COLLECTED MATERIAL:

··········

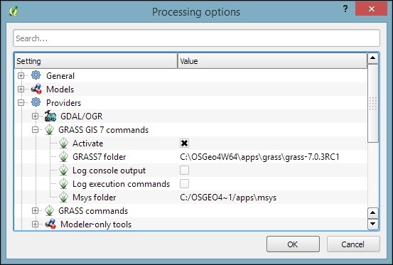 در زمان نگارش این کتاب، GRASS 7.0.3RC1 در OSGeo4W موجود است. همانطور که در تصویر قبلی نشان داده شده است، از نسخه قبلی GRASS 6.x نیز پشتیبانی میشود، و Processing را میتوان برای استفاده از الگوریتمهای آن پیکربندی کرد. در جعبه ابزار، الگوریتم های زیر دستورات GRASS GIS 7 و دستورات GRASS (برای GRASS 6.x) را خواهید یافت.
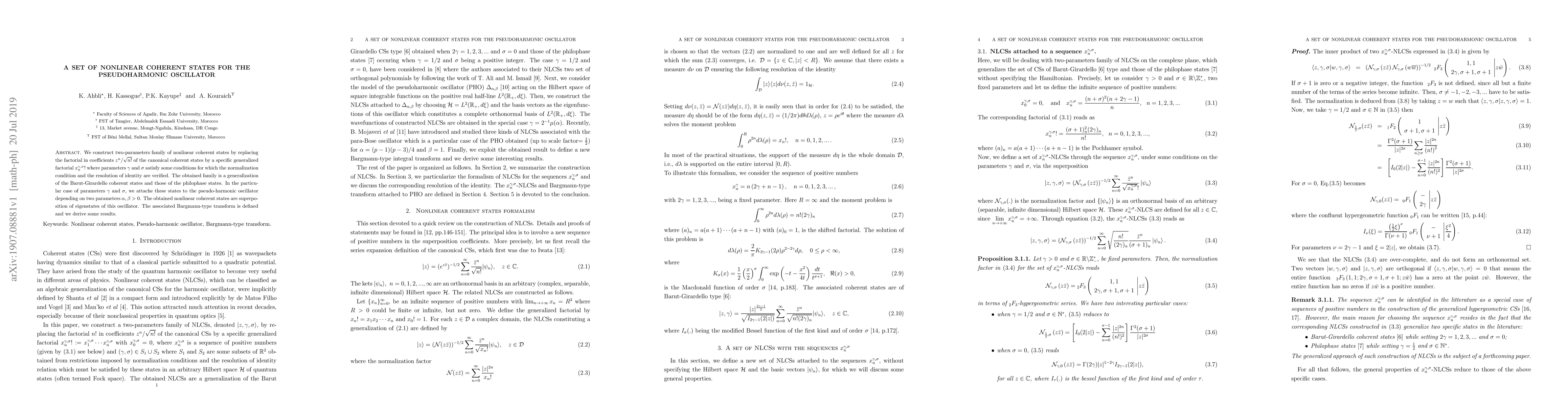 We construct two-parameters family of nonlinear coherent states by replacing the factorial in coefficients $z^n/\sqrt{n!}$ of the canonical coherent states by a specific generalized factorial $x_n^{\gamma,\sigma}!$ where parameters $\gamma$ and $\sigma$ satisfy some conditions for which the normalization condition and the resolution of identity are verified. The obtained family is a generalization of the Barut-Girardello coherent states and those of the philophase states. In the particular case of parameters $\gamma$ and $\sigma$, we attache these states to the pseudo-harmonic oscillator depending on two parameters $\alpha,\beta> 0$. The obtained nonlinear coherent states are superposition of eigenstates of this oscillator. The associated Bargmann-type transform is defined and we derive some results.
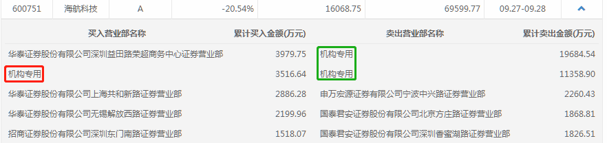 从详细数据看,机构卖出最多的海航科技有2家机构卖出,同时有1家机构买入,净卖出金额高达2.75亿元。

··········

YOUR OBJECTIVE: Starting at the line that holds "We construct two-parameters", copy each line exactly through the end of the material above, keeping both ends and dropping the pictures.

RESPONSE:
 We construct two-parameters family of nonlinear coherent states by replacing the factorial in coefficients $z^n/\sqrt{n!}$ of the canonical coherent states by a specific generalized factorial $x_n^{\gamma,\sigma}!$ where parameters $\gamma$ and $\sigma$ satisfy some conditions for which the normalization condition and the resolution of identity are verified. The obtained family is a generalization of the Barut-Girardello coherent states and those of the philophase states. In the particular case of parameters $\gamma$ and $\sigma$, we attache these states to the pseudo-harmonic oscillator depending on two parameters $\alpha,\beta> 0$. The obtained nonlinear coherent states are superposition of eigenstates of this oscillator. The associated Bargmann-type transform is defined and we derive some results.
 从详细数据看,机构卖出最多的海航科技有2家机构卖出,同时有1家机构买入,净卖出金额高达2.75亿元。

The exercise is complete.